There are a few properties that allow indexing a CASTable object in various ways. These properties work just like they pandas.DataFrame counterparts (with the limitations described above).
Property / Method |
Description |
---|---|
o[columns] |
Subset table based on column names |
o.loc[:, columns] |
Subset table based on column names |
o.iloc[:, columns] |
Subset table based on column indexes |
o.ix[:, columns] |
Subset table based on mixed column names and indexes |
o.xs(column, axis=1) |
Select a cross-section of the table |
o[boolean-column] |
Filter data rows based on boolean column values |
o.query(‘expr’) |
Apply a filter to the data values |
The Basics¶
Just as with pandas.DataFrames, CASTable objects implement Python’s __getitem__ method to allow indexing using [ ]. This allows you to subset the columns that are visible in the table.
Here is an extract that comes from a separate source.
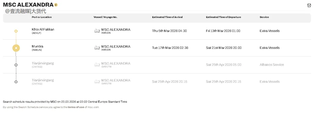 事故发生时,航次号为XA610A;从船期表看,该船应是MSC临时增派(Extra Vessels)。
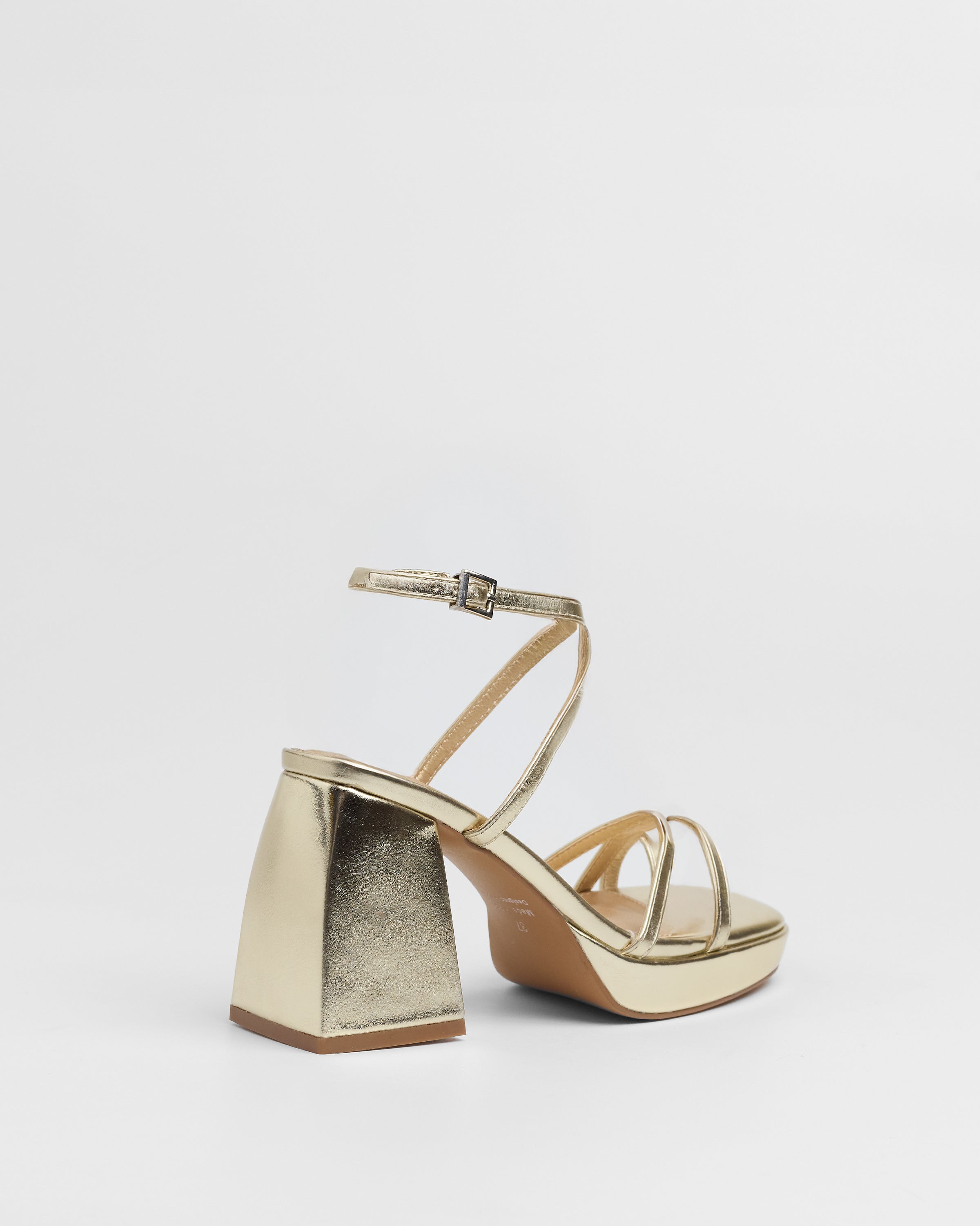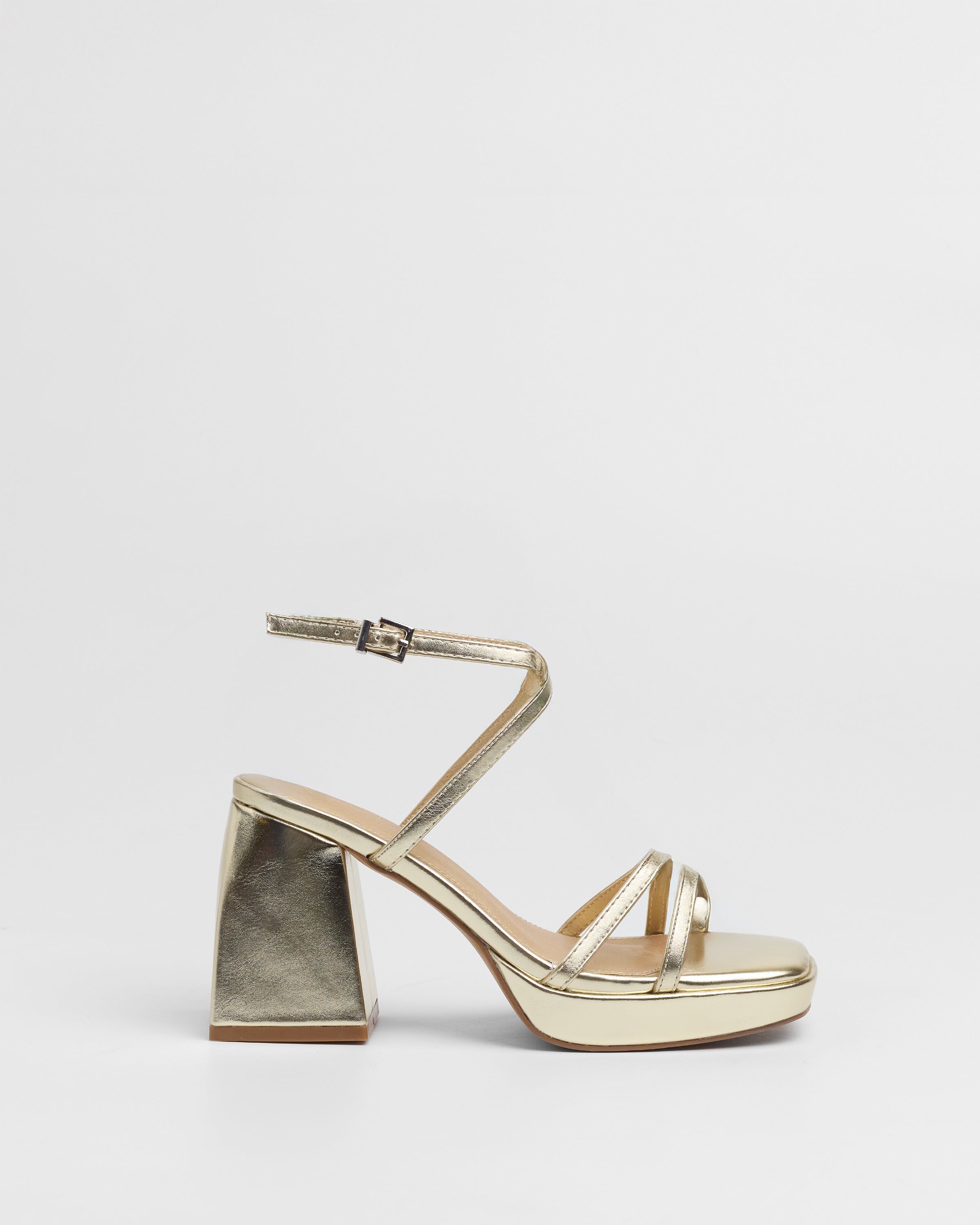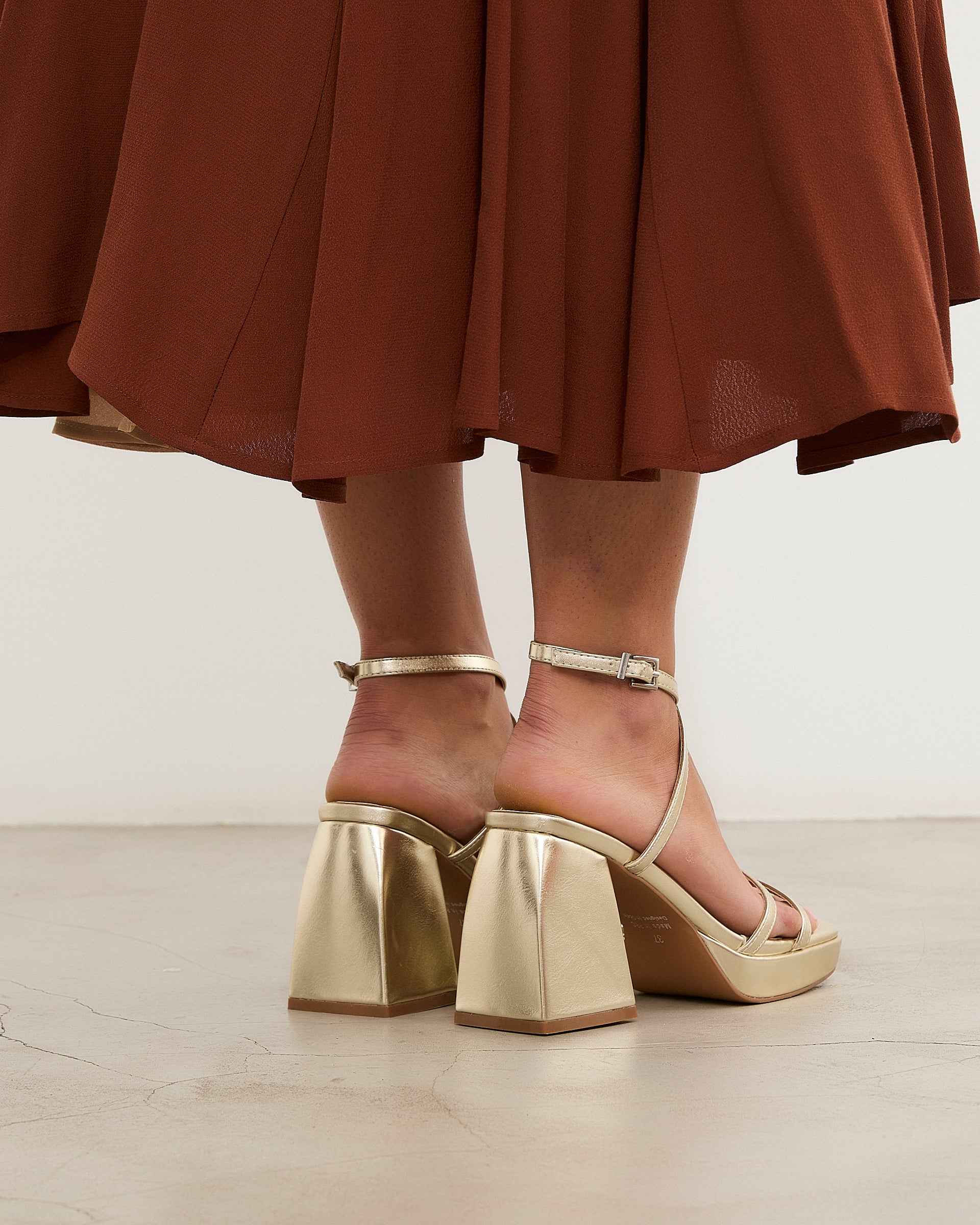 Sandalia de tacón en color dorado con dos tiras cruzadas en la parte delantera y una tiras en el dedo. Tiras traseras en el tobillo con cierre de hebillas.

In [1]: tbl = conn.read_csv('https://raw.githubusercontent.com/' ...: 'sassoftware/sas-viya-programming/master/data/cars.csv') ...:
Note: Cloud Analytic Services made the uploaded file available as table TMP38TJ_DW9 in caslib CASUSER(castest).
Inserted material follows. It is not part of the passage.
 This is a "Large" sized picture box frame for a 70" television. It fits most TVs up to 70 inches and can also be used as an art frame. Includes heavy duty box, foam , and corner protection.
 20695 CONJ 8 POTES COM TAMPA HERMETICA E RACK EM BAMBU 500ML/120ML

Note: The table TMP38TJ_DW9 has been created in caslib CASUSER(castest) from binary data uploaded to Cloud Analytic Services. In [2]: tbl.head() Out[2]: Selected Rows from Table TMP38TJ_DW9 Make Model Type Origin DriveTrain MSRP Invoice EngineSize Cylinders Horsepower MPG_City MPG_Highway Weight Wheelbase Length 0 Acura MDX SUV Asia All 36945.0 33337.0 3.5 6.0 265.0 17.0 23.0 4451.0 106.0 189.0 1 Acura RSX Type S 2dr Sedan Asia Front 23820.0 21761.0 2.0 4.0 200.0 24.0 31.0 2778.0 101.0 172.0 2 Acura TSX 4dr Sedan Asia Front 26990.0 24647.0 2.4 4.0 200.0 22.0 29.0 3230.0 105.0 183.0 3 Acura TL 4dr Sedan Asia Front 33195.0 30299.0 3.2 6.0 270.0 20.0 28.0 3575.0 108.0 186.0 4 Acura 3.5 RL 4dr Sedan Asia Front 43755.0 39014.0 3.5 6.0 225.0 18.0 24.0 3880.0 115.0 197.0
Here we are selecting a single column from the table. This will return a CASColumn object.
In [3]: tbl['Make'].head()
Out[3]:
0 Acura
1 Acura
2 Acura
3 Acura
4 Acura
Name: Make, dtype: object
Selecting multiple columns returns a new CASTable object.
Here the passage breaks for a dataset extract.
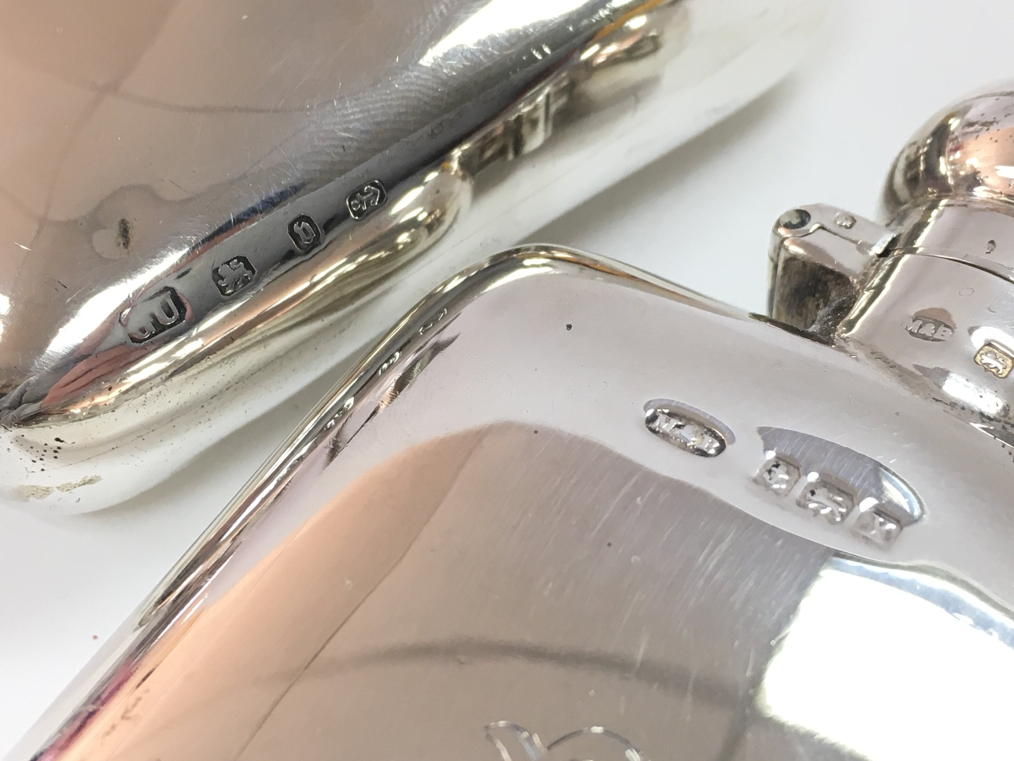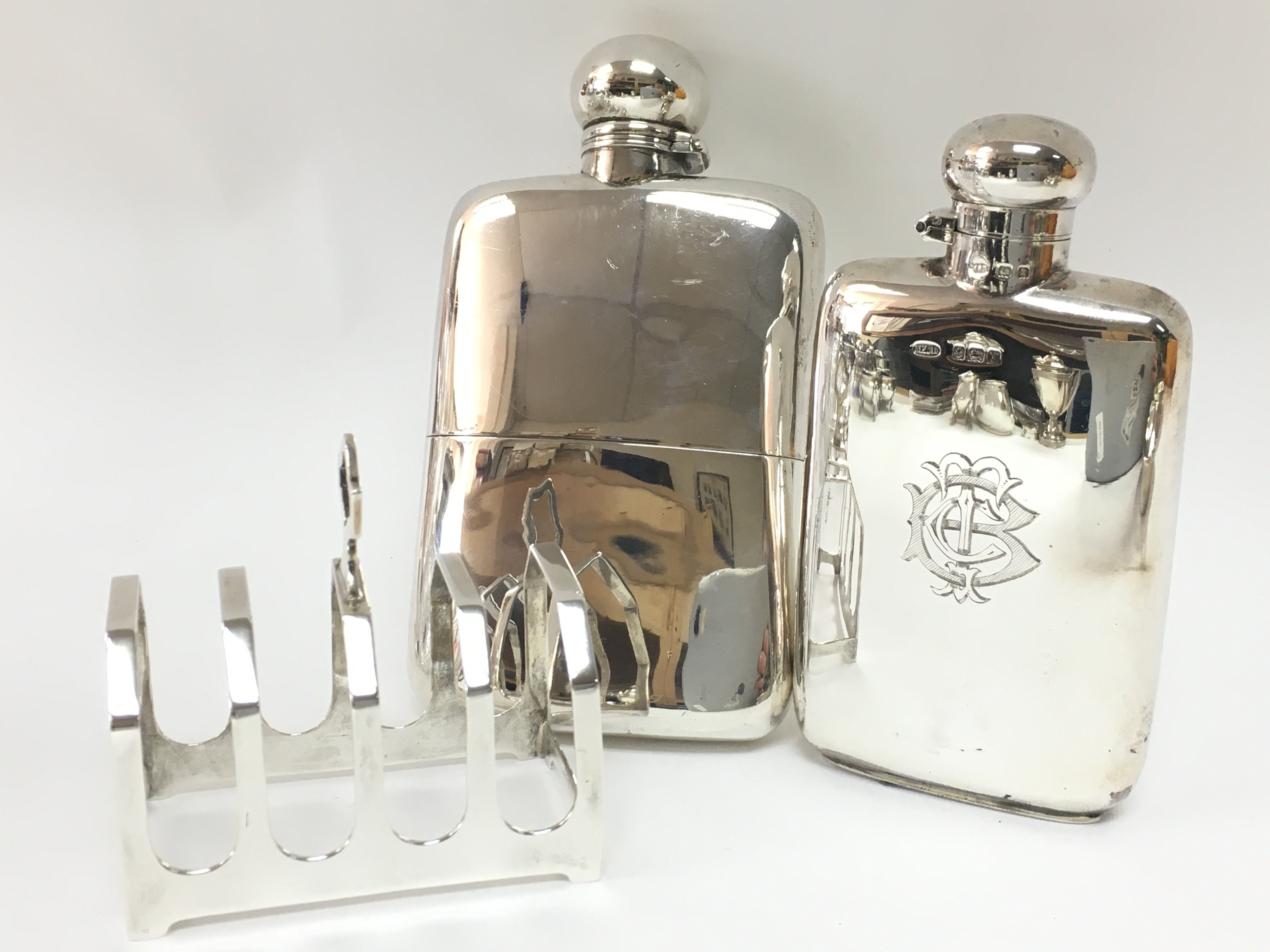 Hallmarked silver hip flasks and a silver toast rack, postage category B

In [4]: tbl[['Make', 'Model', 'Horsepower']].head()
Out[4]:
Selected Rows from Table TMP38TJ_DW9
Make Model Horsepower
0 Acura MDX 265.0
1 Acura RSX Type S 2dr 200.0
2 Acura TSX 4dr 200.0
3 Acura TL 4dr 270.0
4 Acura 3.5 RL 4dr 225.0
You can also access individual columns using attribute syntax.
In [5]: tbl.Make.head()
Out[5]:
0 Acura
1 Acura
2 Acura
3 Acura
4 Acura
Name: Make, dtype: object
Caution should be used when using attribute syntax because it depends on the fact that there are no existing attributes, methods, or CAS actions with that same name on the CASTable. It also requires that the column name contains a valid Python identifier. Since CAS actions can be added dynamically, attribute access should generally only be used in interactive programming. For programs that will be reused, it is safer to use the [ ] syntax.
Selecting by Name¶
The loc property is used to select columns based on the column names. Column names can be specified as a string, a list of strings, or a slice. If a string is given, a CASColumn is returned. If a list of strings or a slice is specified, a CASTable is returned.
A single string selects a column. Since row selection is not supported at this time, this is equivalent to tbl.loc['Make'].
In [6]: tbl.loc[:, 'Make'].head()
Out[6]:
0 Acura
1 Acura
2 Acura
3 Acura
4 Acura
Name: Make, dtype: object
Using a list of strings selects those columns and returns a new CASTable object. Again, this is equivalent to tbl[['Make', 'Model']].
In [7]: tbl.loc[:, ['Make', 'Model']].head()
Out[7]:
Selected Rows from Table TMP38TJ_DW9
Make Model
0 Acura MDX
1 Acura RSX Type S 2dr
2 Acura TSX 4dr
3 Acura TL 4dr
4 Acura 3.5 RL 4dr
Slicing using column names allows you to select a range of columns.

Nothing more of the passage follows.